Melodee tagged me for this book meme a while ago, but in a woeful lapse of bloggishness, I was neither reading nor writing blogs for a busy spell in my life. Life's still busy, but I missed the blogs. So, I write this now in honor of Melodee's last two days in Billings for a while!
One book that changed my life:
The Shadow of the Almighty. This is Elisabeth Eliot's account of Jim Eliot's life and death. It sparked my interest in missions literature and powerfully demonstrated a vibrant and sacrificial faith.
One book I've read more than once:
Anne of Green Gables. Such a delightful read -- Anne is a kindred spirit for all those with the imagination to befriend her!
One book I'd want on a desert island:
Hmmm... Maybe Les Miserables. It took me over a year to finish it (reading it on breaks from college). This time, I'd actually try to read the extended passages in French that I skipped the first time around.

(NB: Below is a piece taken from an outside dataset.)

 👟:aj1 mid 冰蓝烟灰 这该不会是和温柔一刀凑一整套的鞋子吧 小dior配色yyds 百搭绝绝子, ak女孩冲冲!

One book that made me laugh:
Marley and Me, which is a story subtitled "Life with the World's Worst Dog." It just so happens that Marley is a labrador retriever who seems to embody "retrieverism." Oh, how many of Marley's stories have I lived through with Maggie, Spot, Piper and Migo!
One book that made me cry:
Where the Red Fern Grows. I remember weeping bitterly when the dogs died (my mom was reading it aloud to us, so it's been a while). btw, I'm a sucker for stories where dogs die. I stopped reading Marley and Me at the last chapter because I was reading it on a plane and knew he would die in that chapter and didn't want to be blubbering all over the person next to me.

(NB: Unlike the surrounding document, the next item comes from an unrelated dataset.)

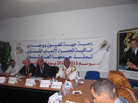 جددت أندية عصبة جهة العيون بوجدور الساقية الحمراء لألعاب القوى الثقة في حمدي ولد الرشيد رئيسا للعصبة، و ذلك خلال الجمع العام السنوي لموسم 2011/2012 الذي عقد مساء يوم الإثنين 03 أكتوبر الجاري، بمقر العصبة بملعب الشيخ محمد الأغضف بالعيون، بحضور ممثل الجامعة الملكية المغربية لألعاب القوى ” لحسن الراية ” وممثل الشبيبة والرياضة وممثل السلطة المحلية غضافة إلى ممثلو الأندية المنخرطة في العصبة والذين صادقوا بالإجماع على التقريرين الأدبي والمالي. ليتم انتخاب المكتب الجديد بعد تجديد الثقة في رئيس العصبة نفسه.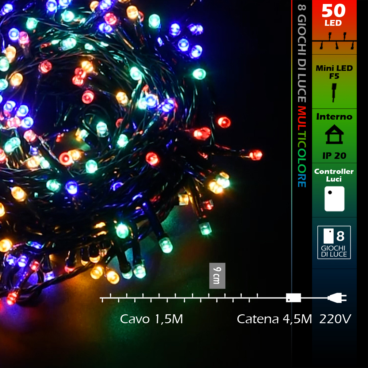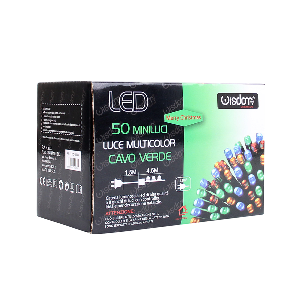 La Catena luminosa WISDOM 50 LED da 4,5M luce MULTICOLORE cavo verde, utilizzando la tecnologia LED è in genere più efficiente dal punto di vista energetico rispetto alle luci tradizionali a incandescenza. Inoltre, i LED sono in grado di emettere luce in una vasta gamma di colori e modelli, dando molta libertà nella scelta della modalità di illuminazione. La catena luminosa WISDOM 50 LED con cavo verde in corrente diretta 220V è applicabile in esterni ed interni. Adatta come decorazione e allestimento di case, vetrine e spazi interni ma perfetta anche per addobbare giardini, gazebi e spazi all'aperto grazie al suo grado di protezione IP 44. Munita di controller con 8 diverse modalità di luce tra cui scegliere, come lampeggiante, scintillante, luce fissa, onde, dissolvenza, sfumature e altro ancora. Essendo alimentata in corrente diretta, la catena luminosa può essere utilizzata in modo sicuro all'interno della casa, come ad esempio per decorare l'albero di Natale, la camera da letto, il soggiorno o qualsiasi altro ambiente. Il cavo di colore verde potrebbe essere particolarmente adatto per essere nascosto tra le piante o i mobili per creare un effetto più naturale e discreto. La sua alta qualità costruttiva la rende resistente alle intemperie e all'umidità, garantendo una lunga durata. La sua installazione è facile e sicura grazie ai materiali di alta qualità utilizzati

One book I wish had been written:
Bridget Jones' Diary. I would have written it from a little bit less, um, explicit perspective, but the author put her finger on the pulse of millions of women in my generation, and it would be amazing to connect with your readers like that. Could you write a Bridget Jones story from a biblical worldview?
One book I wish had never been written:
The Paradox Principle of Parenting. We had to read this for a counseling class, and it was so bad that I found myself only underlining parts with which I disagreed and writing sarcastic comments in the margins. It felt so unedifying that I stopped reading it and threw the book away.
One book that I am currently reading:
Good to Great. I'm inching my way through it (a few pages a month, to tell the truth), but it's gotten rave reviews from businesses and non-profits, so I know I can learn much from it.
One book I've been meaning to read:
Bavinck's Reformed Dogmatics -- I've bought many books that I intend to read, but these (I only have 2 of them) represent some of my loftiest post-graduation aspirations.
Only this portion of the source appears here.